▶ **What the task asks**
Using the data that follows, output only the lines from the line with "Ruang KomersialHotel/Pusat Perbelanjaan" up to and including the line with "为加强项目过程管理,规范项目", exactly, leaving pictures aside.

▶ **Given information**
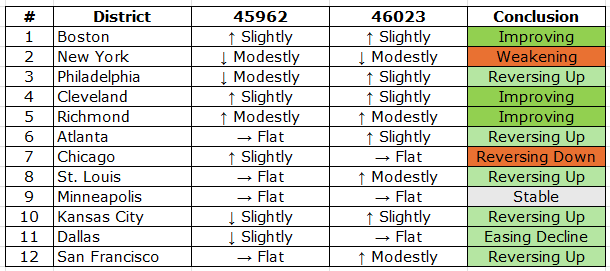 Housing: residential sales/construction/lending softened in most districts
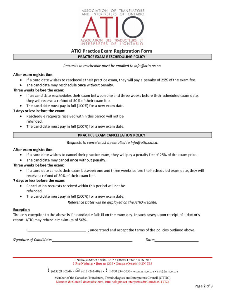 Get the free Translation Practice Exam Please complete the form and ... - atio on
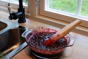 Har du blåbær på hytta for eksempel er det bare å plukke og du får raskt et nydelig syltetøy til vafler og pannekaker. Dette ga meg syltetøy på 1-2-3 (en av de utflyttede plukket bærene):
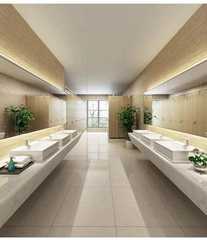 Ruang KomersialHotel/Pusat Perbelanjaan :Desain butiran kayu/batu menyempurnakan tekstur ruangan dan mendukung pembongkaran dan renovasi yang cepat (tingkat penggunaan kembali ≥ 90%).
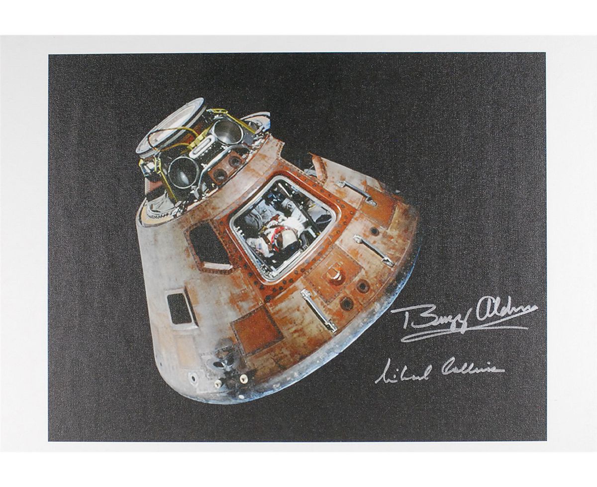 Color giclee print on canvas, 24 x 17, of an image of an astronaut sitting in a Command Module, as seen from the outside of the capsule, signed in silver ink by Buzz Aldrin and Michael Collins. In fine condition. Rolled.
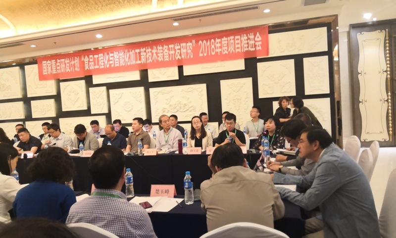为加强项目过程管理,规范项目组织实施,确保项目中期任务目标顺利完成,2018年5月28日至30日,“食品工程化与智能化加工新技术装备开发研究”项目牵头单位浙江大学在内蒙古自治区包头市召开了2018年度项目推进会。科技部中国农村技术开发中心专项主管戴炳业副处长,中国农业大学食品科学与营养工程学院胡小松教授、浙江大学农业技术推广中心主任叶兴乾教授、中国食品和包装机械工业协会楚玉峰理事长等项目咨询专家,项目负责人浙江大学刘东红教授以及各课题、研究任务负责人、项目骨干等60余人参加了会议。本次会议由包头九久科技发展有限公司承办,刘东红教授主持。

---

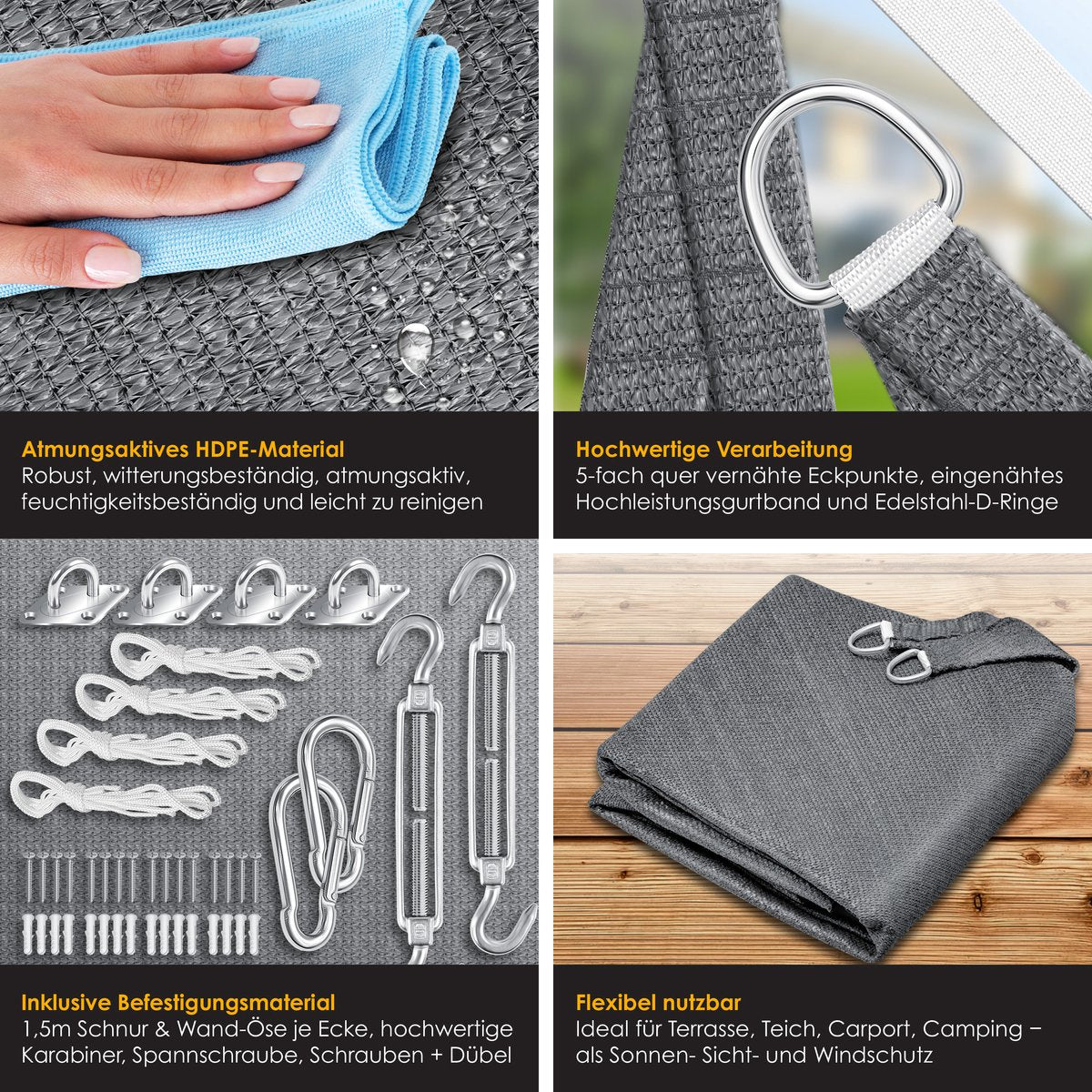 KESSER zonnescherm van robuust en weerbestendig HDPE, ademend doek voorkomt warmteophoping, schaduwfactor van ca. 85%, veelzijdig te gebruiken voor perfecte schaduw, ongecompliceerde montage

▶ **Answer section**
 Ruang KomersialHotel/Pusat Perbelanjaan :Desain butiran kayu/batu menyempurnakan tekstur ruangan dan mendukung pembongkaran dan renovasi yang cepat (tingkat penggunaan kembali ≥ 90%).
 Color giclee print on canvas, 24 x 17, of an image of an astronaut sitting in a Command Module, as seen from the outside of the capsule, signed in silver ink by Buzz Aldrin and Michael Collins. In fine condition. Rolled.
为加强项目过程管理,规范项目组织实施,确保项目中期任务目标顺利完成,2018年5月28日至30日,“食品工程化与智能化加工新技术装备开发研究”项目牵头单位浙江大学在内蒙古自治区包头市召开了2018年度项目推进会。科技部中国农村技术开发中心专项主管戴炳业副处长,中国农业大学食品科学与营养工程学院胡小松教授、浙江大学农业技术推广中心主任叶兴乾教授、中国食品和包装机械工业协会楚玉峰理事长等项目咨询专家,项目负责人浙江大学刘东红教授以及各课题、研究任务负责人、项目骨干等60余人参加了会议。本次会议由包头九久科技发展有限公司承办,刘东红教授主持。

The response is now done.